Excellent post, Annette! I like you pointing out that CX and culture transformation is hard work – just getting the information flowing across silos requires a lot of skills and effort, not even to mention cross-organizational action taking. Thank you for the post.
Hi Annette,
You call it a musing, I'd call it a really good rant and spot on! I like it!
Adrian
I agree with your opinion. "If you can accomplish those two things, you've won the competitive battle!"
Agree wholeheartedly and I am glad that you didn't include "money" in the sentence – "…it requires a lot of work – hard work." It doesn't have to be expensive. It requires giving your employees PERMISSION to listen, identify when a special occasion/circumstance might be happening and then providing them the tools to DO something about it. It doesn't take much, but going out of your way to share that "extra something" goes a long way toward enhancing your CX and your Brand.
Thanks, Debbie! Happy to hear we are in alignment. Love your reaction to the headlines.
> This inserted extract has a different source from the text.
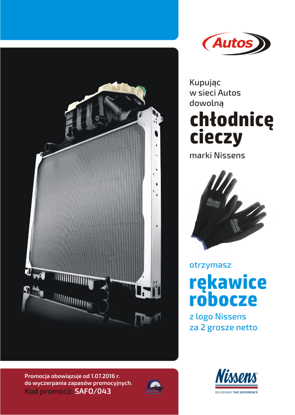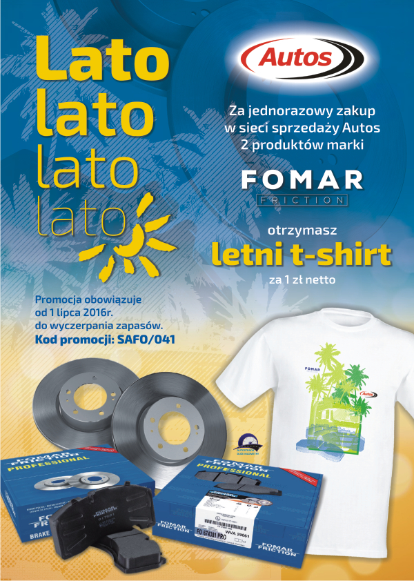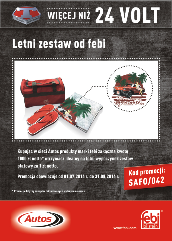Liczne promocje dla swoich klientów przygotowała firma Autos. Przy zakupie produktów marki febi za kwotę 1000 złotych netto klienci otrzymają zestaw plażowy za symboliczną złotówkę. Za każdorazowy zakup w sieci sprzedaży Autos dwóch produktów marki Fomar firma podarowuje letni t-shirt, również za symboliczną złotówkę. Natomiast przy zakupie dowolnej chłodnicy cieczy marki Nissens za dwa grosze netto można otrzymać rękawice robocze z logo Nissens. Szczegóły na plakatach poniżej.

It's crazy. But we keep pushing the noodle up the hill in hopes that folks will eventually see the light!
Thanks so much, Paolo!
Thanks, Johanna!
You're so right… it doesn't have to be expensive. As a matter of fact, many of the simplest improvements cost nothing at all! Thanks for your thoughts on this.
🙂 Thanks, Adrian!
Thanks so much, Bruce.
Very much agree as well. We see a Lot of our clients taking this seriously and running routine assessments of various buyer and customer Journeys. The information we gather is extremely useful and when the recommended changes are implemented, cust sat, time to close, revenue improves – and more.
BTW: Great Customer Experience today at Genio del Tempo in Vienna! Sale was over last week, but as I periodically buy there, she extended the discount to me (just sharing J)
Thanks, Leahanne. And gotta love when they go the extra mile! Great example!